The protests have tapped into a worldwide fatigue with the restrictions meant to tame COVID-19.
“Of course, people are tired, frustrated, sick of the pandemic,” Trudeau said Monday. “They want it to be over.”
However, polls show that Canadians have generally supported restrictions meant to control COVID-19. About 85% of Canadians are fully vaccinated — compared with 65% in the United States, according to Johns Hopkins data — and Canada has about one-third the death rate of the United States from coronavirus.
While truckers have led the Canadian protests, participants have come to include people from a wide range of occupations and viewpoints. They have converged on Ottawa from throughout Canada, and include some U.S. citizens. Political views of the demonstrators seem to span the spectrum from far right to far left, with many in between. Others say they are apolitical except on the issue of “freedom.”
“You really can’t say it’s one political viewpoint,” said David Paisley, 32, an organizer who spoke to a reporter in the Shack, a kind of control center built of plywood mounted atop a flatbed truck parked on Wellington Street, the main thoroughfare outside Parliament.
He and others say the convoy survives largely on donations and participants’ funds and deny allegations that it is bank-rolled via right-wing groups in the United States. Conservatives such as former President Trump and Texas Sen. Ted Cruz have lauded the movement.

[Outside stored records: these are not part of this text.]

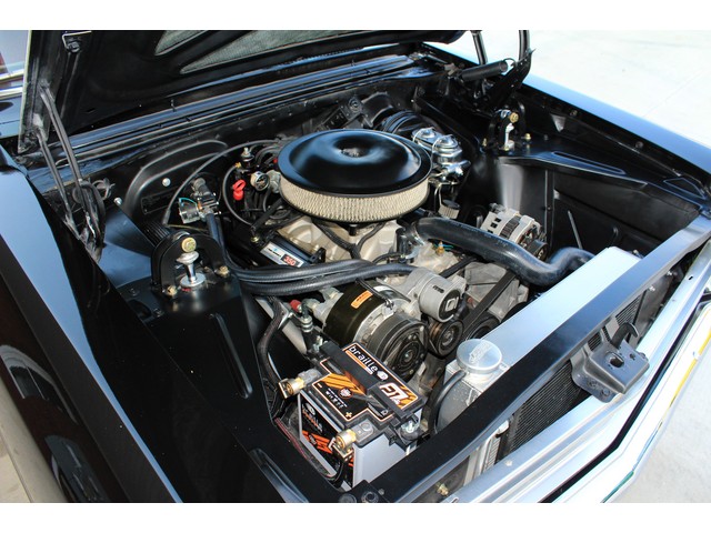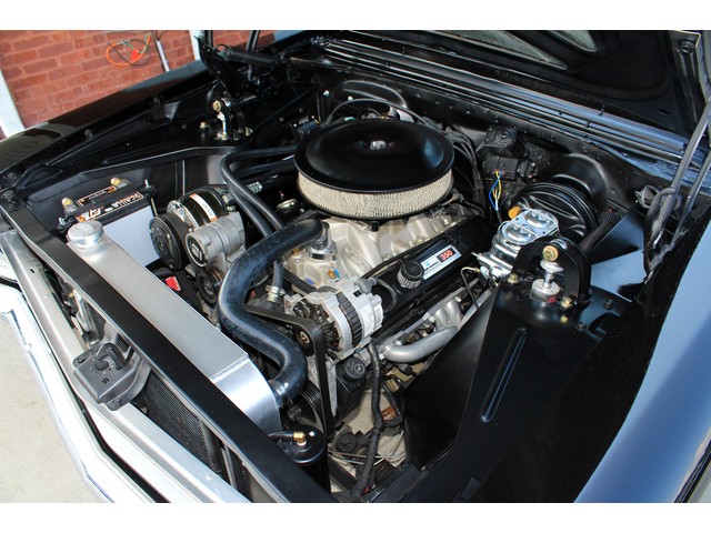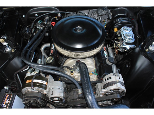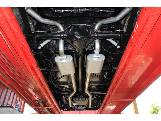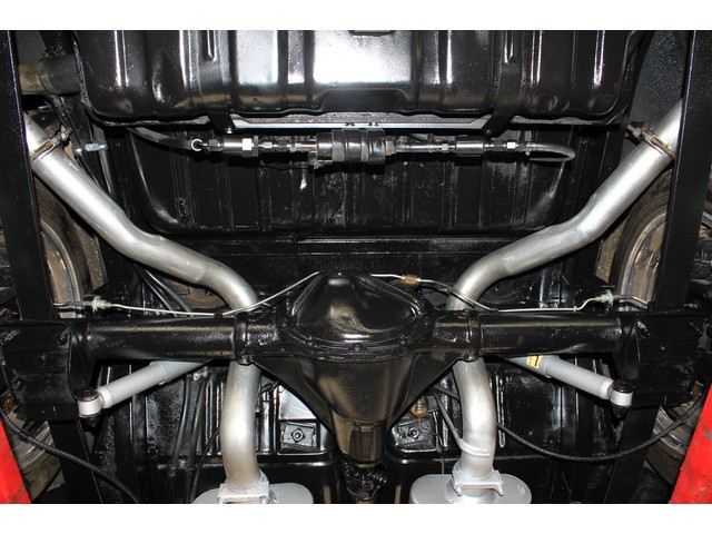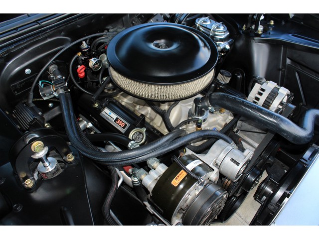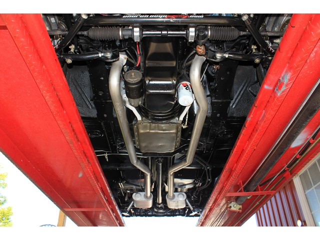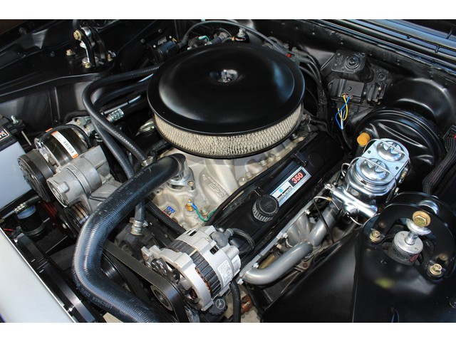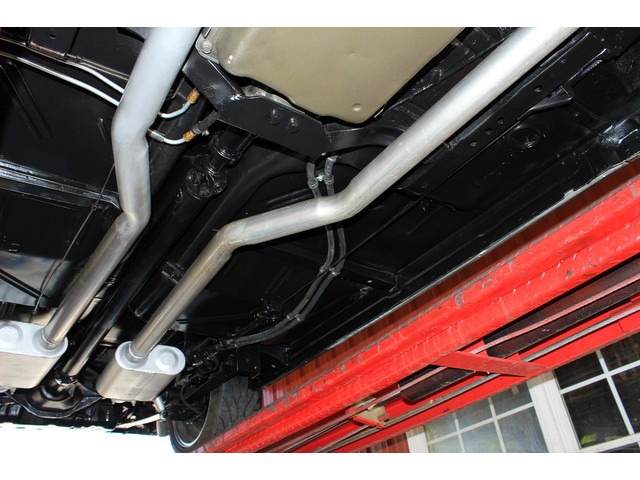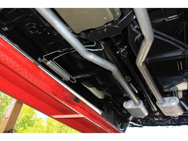 Finally, we will take a look at the heartbeat of the Chevy. Under the hood it looks every bit as nice of the rest of the car. The engine is a 350 Crate Engine from GM that has the FastFuel Fuel Injection System with MSD Ignition. It has the GM Pulley for Serpentine Belt. The radiator was changed to Aluminum to keep it cool. The Trans is a 700R Overdrive Hooked to a 10 Bolt Rear End. The steering was changed to a Rack and Pinion that is Power and the brakes were upgraded to 4 Wheel Disc with Drilled and Slotted Rotors that are also Power. Under the front end it has an all Tubular Front End with Coil Over shocks. They added the Big Sway Bar to help with the handling and floors are super solid.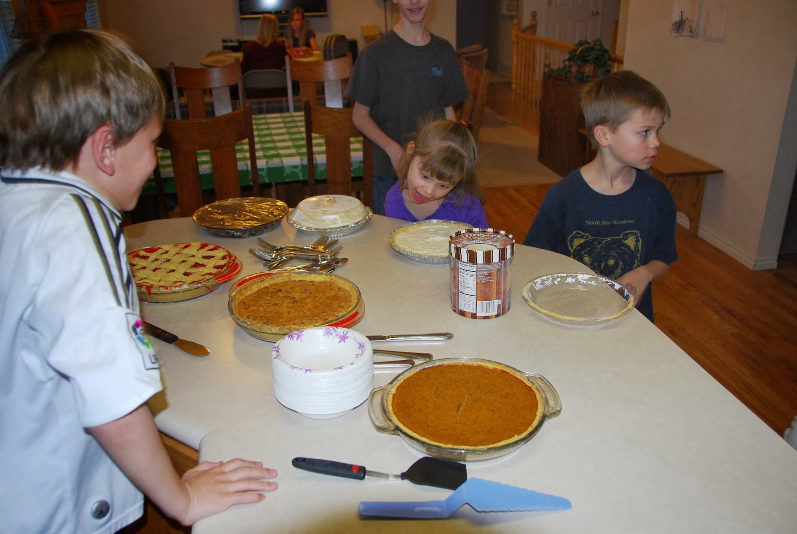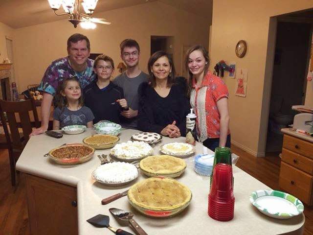 Here is a picture of our family celebrating Pi Day. There are 8 pies shown here, with one more arriving shortly (and this doesn't count the chicken pot pie that they had for dinner).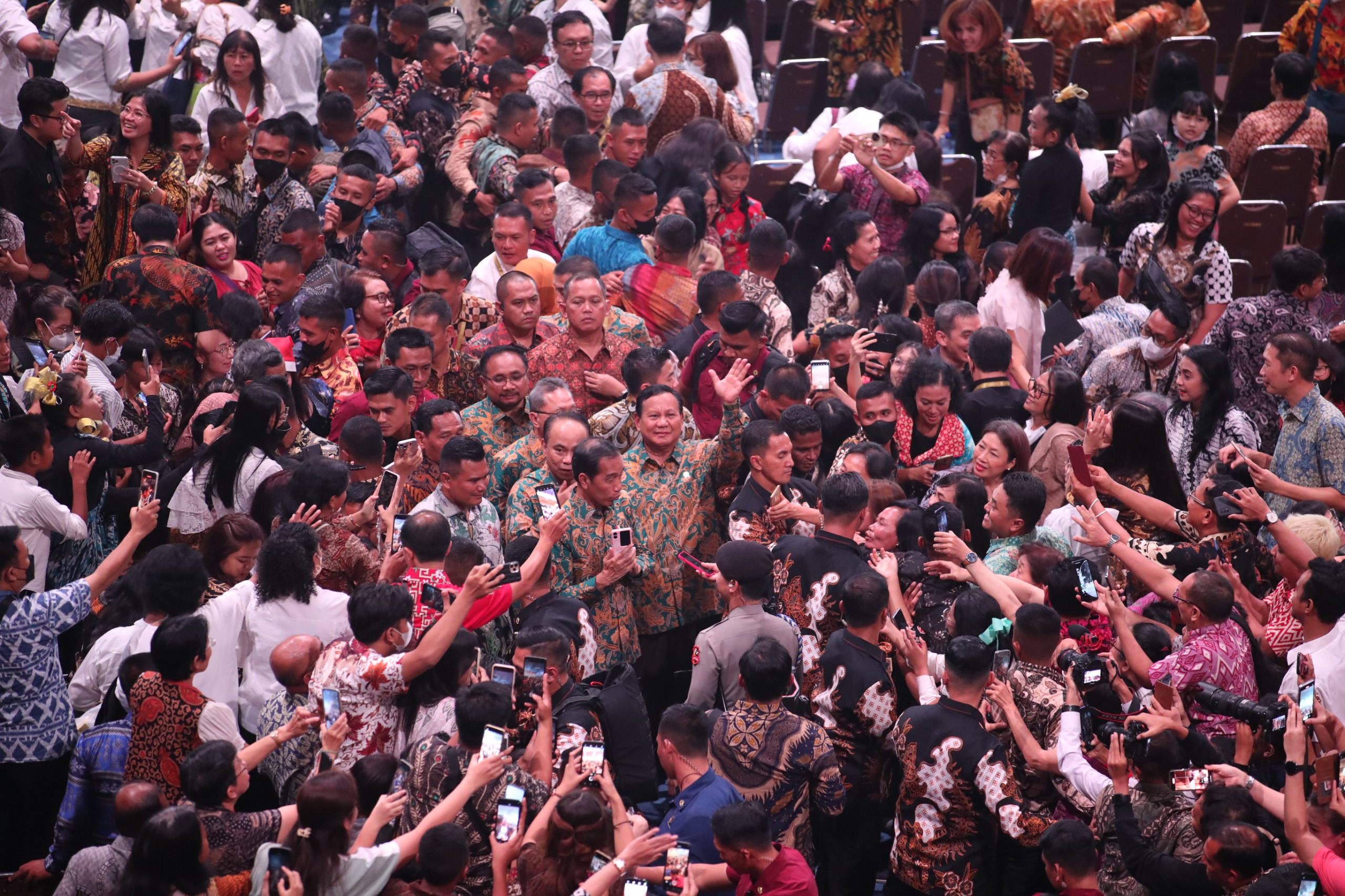 Selama berlangsungnya acara, Prabowo duduk sederet dengan Presiden Jokowi; Menteri Komunikasi dan Informasi (Menkominfo) Budi Arie Setiadi; Menteri Agama (Menag) Yaqut Cholil Qoumas; dan Wakil Menteri Pariwisata dan Ekonomi Kreatif (Wamenparekraf) Angela Tanoesoedibjo.

One aspect of new emergency authority would allow banks to freeze funds suspected of aiding the protests, an effort to thwart crowd-source financing. GoFundMe said it suspended forwarding money raised for the Canadian truckers because of police reports of violence.

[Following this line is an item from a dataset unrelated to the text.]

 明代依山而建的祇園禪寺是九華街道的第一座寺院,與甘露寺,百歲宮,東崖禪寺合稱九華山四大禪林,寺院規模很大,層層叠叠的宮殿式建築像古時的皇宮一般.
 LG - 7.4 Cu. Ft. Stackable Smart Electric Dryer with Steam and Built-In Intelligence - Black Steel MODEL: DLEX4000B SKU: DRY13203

Despite single-digit temperatures, many participants sleep in their trucks or in tents. Others stay at hotels or with friends or family.
People run jerry cans of diesel and gasoline to keep vehicles running. Participants seem to cooperate with police, who have made no concerted effort to evict them.
The overall mood is upbeat, something like an extended block party. Demonstrators dance to the music and tote signs with messages such as “Facts Over Fear,” “No Vax Passports” and “End the Mandates.”
But officials in the capital characterize the protests as a nightmare siege of the normally low-key city along the Ottawa River. Many downtown businesses have closed and the city feels quasi-deserted, except for the demonstrators wandering about on ice-and-snow-covered streets waving Canadian flags and protest placards.
Residents have complained about harassment and noise. Frequent horn-honking has continued despite an Ontario Superior Court judge’s issuing of an injunction to stop the practice.
The provincial government of Ontario has declared a state of emergency imposing new fines of up to $100,000 for blocking roads and sidewalks. Residents of neighborhoods near the Parliament have suffered, says Ottawa Mayor Jim Watson.
“Those people need some kind of relief and reprieve from the horn-honking, the diesel spewing all night, catcalls and inappropriate behavior,” Watson told Canada’s CTV news.
The mayor has said he has requested 1,800 additional officers from federal and provincial authorities because the Ottawa police force is overwhelmed.
Canadian authorities have also seen evidence of “intimidation, harassment and expressions of hate” among the protesters, Marco Mendicino, Canada’s minister of public safety, told reporters Monday.
Protest organizers call such allegations attempts to demonize a grass-roots movement that threatens a well-entrenched status quo.
“This is really about love,” Pedersen, one of the organizers, told a raucous crowd mid-day Monday from the stage in front of Parliament. “It’s cold out there. Reach out and cuddle someone.”